If they hit demand too hard, too fast, then consumption could suddenly drop, risking a recession in which the economy shrinks for half a year or more.
That is one reason why the RBA is targeting a 2-3 percent price increase instead of zero.
“That is considered a moderate price increase that is sustainable in the long term for consumers,” said Mousina.
“When you get price growth of less than 2 percent, then there are risks or times where you can experience deflation [falling prices] … and deflation is not seen as a positive for consumer or business spending.”
That’s because, if you expect something to be cheaper tomorrow, you are unlikely to buy it today, which suppresses demand and can lead to a downward economic spiral.
In fact, the Reserve Bank spent the best part of a decade expecting prices to rise faster, so it doesn’t want to completely quell inflation.

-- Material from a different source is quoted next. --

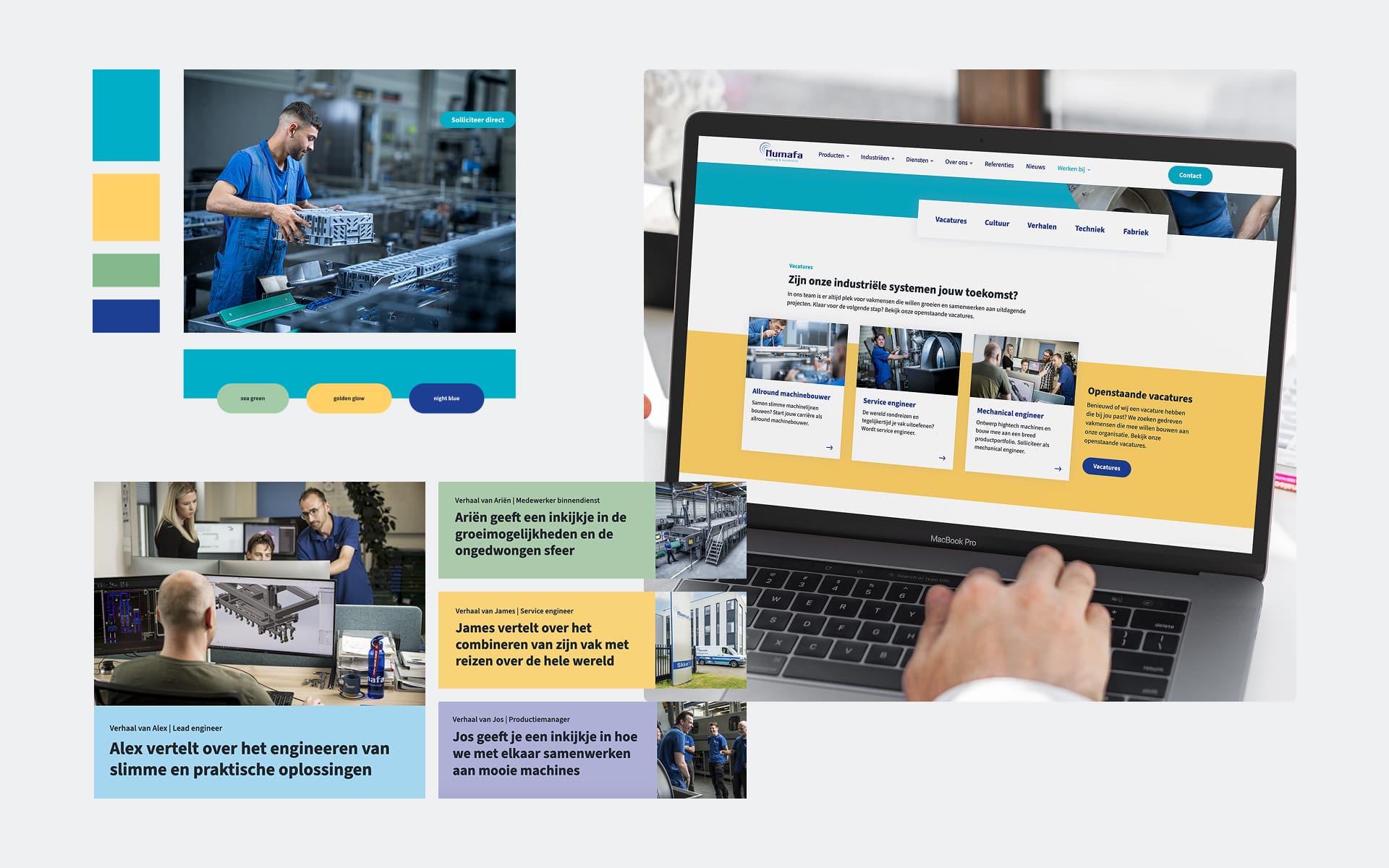 De werken-bij omgeving van Numafa kreeg een inhoudelijke en visuele upgrade binnen de bestaande corporate website. Omdat kandidaten een andere doelgroep vormen dan leads, ontwikkelden we een eigen stijl die subtiel afwijkt van de corporate uitstraling. Zachte waarden als teamgevoel, vrijheid en persoonlijke groei kregen daarin nadrukkelijker de ruimte, zonder de technische kracht van Numafa uit het oog te verliezen.
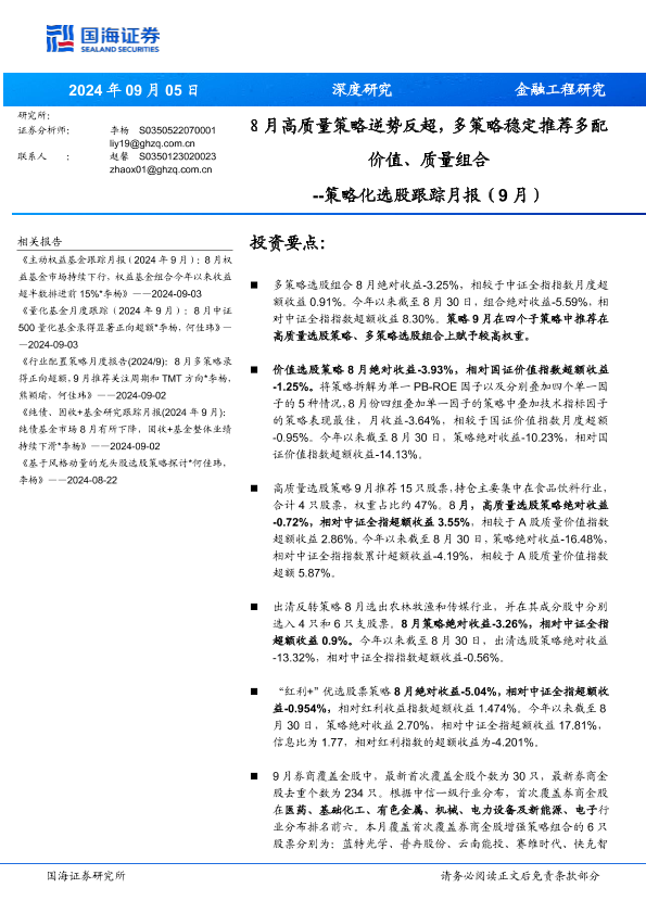 【国海证券】【20240905】策略化选股跟踪月报(9月):8月高质量策略逆势反超,多策略稳定推荐多配价值、质量组合-34页

“Not all inflation is bad,” explains Ms Mousina.
“If we get wage growth a little closer to the inflation rate, that’s good for consumers, because we haven’t had a lot of wage growth in Australia in recent years.
Given how indebted Australian households are, and the recent surge in government borrowing, some wage and tax inflation should help pay off the debt.
The Reserve Bank is in a difficult position as it needs to balance both sides to get inflation back within its 2-3 percent target.
Do goldilocks come to mind?
The interest rate must not be too low, or we spend too much. But if it’s too high, we don’t spend enough money.
So the question is, how much is right? No one really knows the answer.